Run the cell below to remove all the checkpoint files, datasets, pre-trained model weights, and also restore the original directory structure in cs_workspace.  You can run this code from either the home server or a compute server. 

In [3]:
import os
from pathlib import Path

# Resolve the full path to ~/home_workspace
workspace_path = Path("~/cs_workspace").expanduser().resolve()

# Ensure the directory exists before proceeding
if workspace_path.exists() and workspace_path.is_dir():
    # Remove all contents inside ~/home_workspace using os commands
    for item in workspace_path.iterdir():
        item_path = str(item)  # Convert Path to string for os commands
        if item.is_file():
            os.remove(item_path)  # Remove file
        elif item.is_dir():
            os.system(f"rm -rf {item_path}")  # Remove directory and its contents

    print(f"Cleared all contents inside: {workspace_path}")

    # Create new subdirectories using os
    for subdir in ["data", "downloads", "models"]:
        new_dir = workspace_path / subdir
        os.makedirs(new_dir, exist_ok=True)
        print(f"Created: {new_dir}")

else:
    print(f"Directory does not exist: {workspace_path}")


Cleared all contents inside: /home/user/cs_workspace
Created: /home/user/cs_workspace/data
Created: /home/user/cs_workspace/downloads
Created: /home/user/cs_workspace/models


#### Clear the Hugging Face Cache

Run the cell below.  Be careful about making changes to the path because you don't want to accidentally delete the wrong files. (It's permanent.)  Even if you update the course package so the cache is in one of your workspace directories, this will remove any older cached models.

In [1]:
import os
from pathlib import Path

# Resolve the full path
folder_path = Path("~/.cache/huggingface/hub").expanduser().resolve()

# Ensure the folder exists before attempting deletion
if folder_path.exists():
    os.system(f"rm -rf {folder_path}")
    print(f"Removed: {folder_path}")
else:
    print(f"Folder does not exist: {folder_path}")


Removed: /home/user/.cache/huggingface/hub


#### Remove Datasets and Models from Other Folders

Use the Explorer on either a home or compute server and look for datasets or model files.  You can delete these.  Running your notebook again will download the necessary files.  For example, many of you created copies of the Flowers102 dataset in your Homework_05 folder (use DATA_PATH as the root directory for all torchvision datasets).  You can delete those copies.

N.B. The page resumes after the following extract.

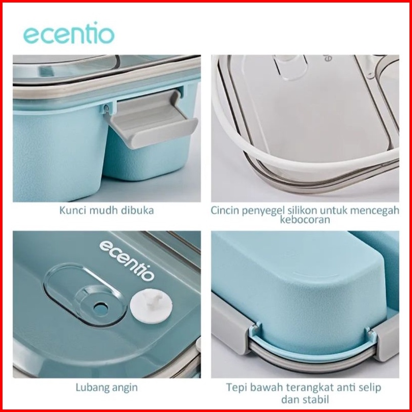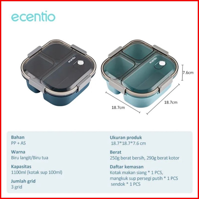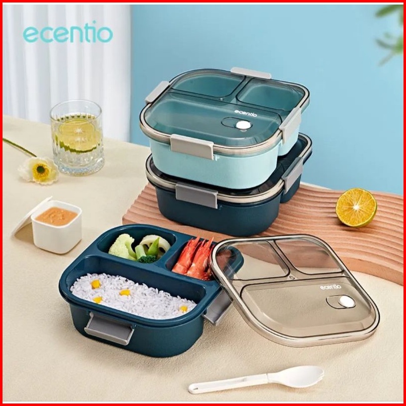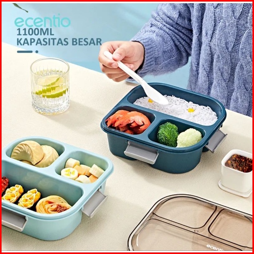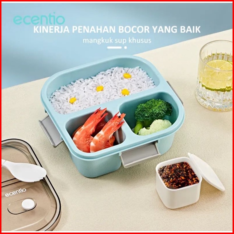 Ecentio Kotak Bekal Anti Tumpah 3 Grid 1100ml Kotak Makan Wadah Bekal Anti Tumpah Kotak Sup 100ml Free Sendok

### Reset Your Compute Server

* Click the servers button on the left side of CoCalc.
* Click the Compute Servers tab
* Click settings on the computer server you wish to reset.
* Click Deprovision at the bottom of the popup window and agree to terms.
* Restart the server.  Wait several minutes.
* Make sure this notebook is running on the compute server (use the button at the top labeled Server).
* Run the cell at the top of the notebook to reinstall the course package.